Background information
- Born: Raffaele Celeste Rosso September 19, 1926 Turin, Kingdom of Italy
- Died: October 5, 1994 (aged 68) Rome, Italy
- Genres: Light music; jazz;
- Occupations: Musician; composer; singer;
- Instruments: Vocals; trumpet;
- Years active: 1948 – 1994
- Label: Durium

= Nini Rosso =

Italian trumpeter and composer (1926–1994)

Raffaele Celeste "Nini" Rosso (19 September 1926 – 5 October 1994) was an Italian jazz trumpeter and composer.

==Biography==
Rosso was born in Turin, Italy. His parents attempted to send him to university, but at 19 he chose the trumpet over academia, and left home. He was a partisan during the World War II Liberation from Nazist and Fascist occupation, and operated in Maira Valley with Giorgio Bocca and Detto Dalmastro, partisan commander of the anti-fascist brigade Giustizia e Libertà attached to the Partito d'Azione of northern Italy.

After his employment in a nightclub was terminated by the police, he returned home, but soon after departed again to relaunch his career. He soon became one of the best-known jazz trumpeters in Italy, reaching the crest of his popularity in the 1960s. He became known in the UK in 1962 when his recording of "Concerto disperato" was covered by Ken Thorne and his Orchestra and became a hit under the title "The Theme from The Legion's Last Patrol". Rosso's original was quickly released on the Durium label and also made the charts, but was less successful than the cover.
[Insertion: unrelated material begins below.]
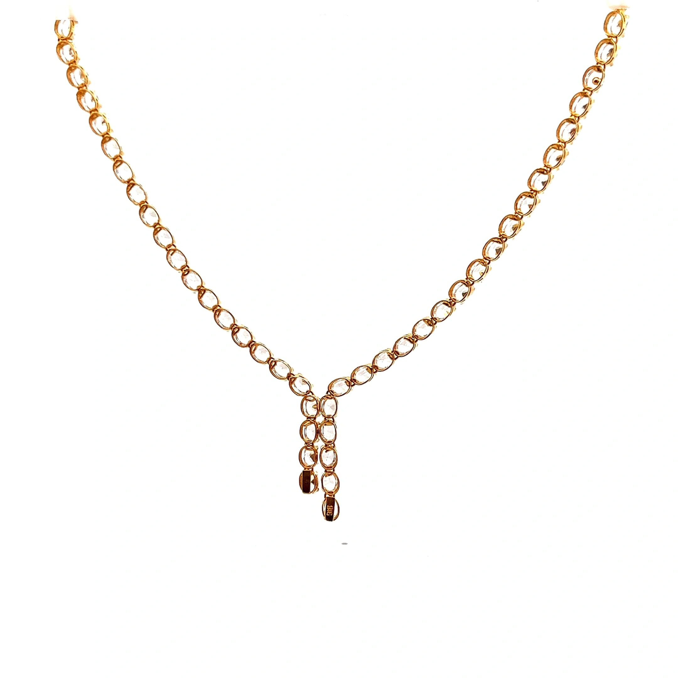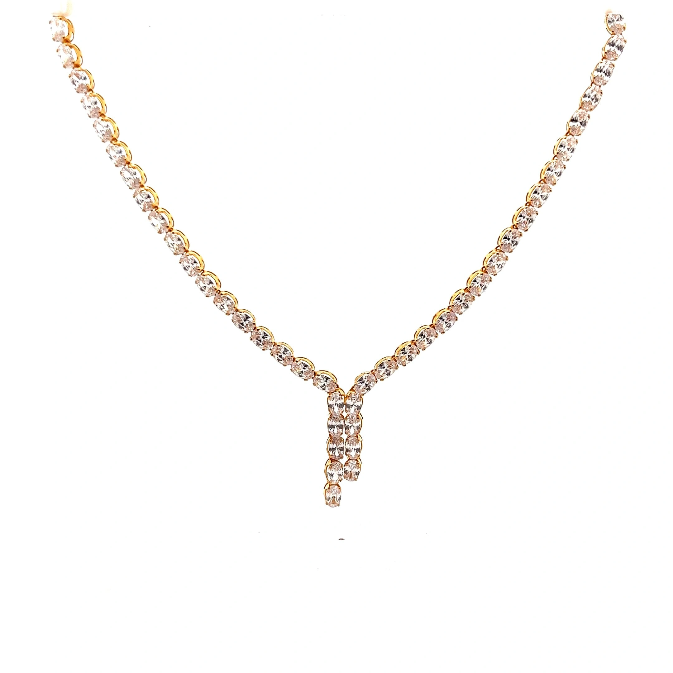 A glamorous 916 gold necklace featuring an elegant V-shape, designed with a dazzling pave-style arrangement of stones or intricate textured gold elements. An undeniable piece for evening glamour.
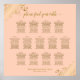 This beautiful 13 table wedding seating chart includes table assignments for 130 guests with 10 seats per table. The design features gold text on a light orange or coral peach coloured background with a lacy script calligraphy title. The corners are decorated with a frilly faux foil filigree with curls and swirls making it both simple and elegant. Stylish, chic and sophisticated way to help your guests find their seats at your reception.

His 1965 worldwide hit "Il Silenzio" went to number 1 in Italy, Germany, Austria, and Switzerland, and sold over five million copies by the end of 1967. In the US it peaked in November 1965 on position 32 of the Billboard Chart. It was awarded a gold disc. He also acted in the 1960s.

Rosso died of lung cancer in Rome in 1994, at the age of 68. He was buried at the local Cimitero Flaminio.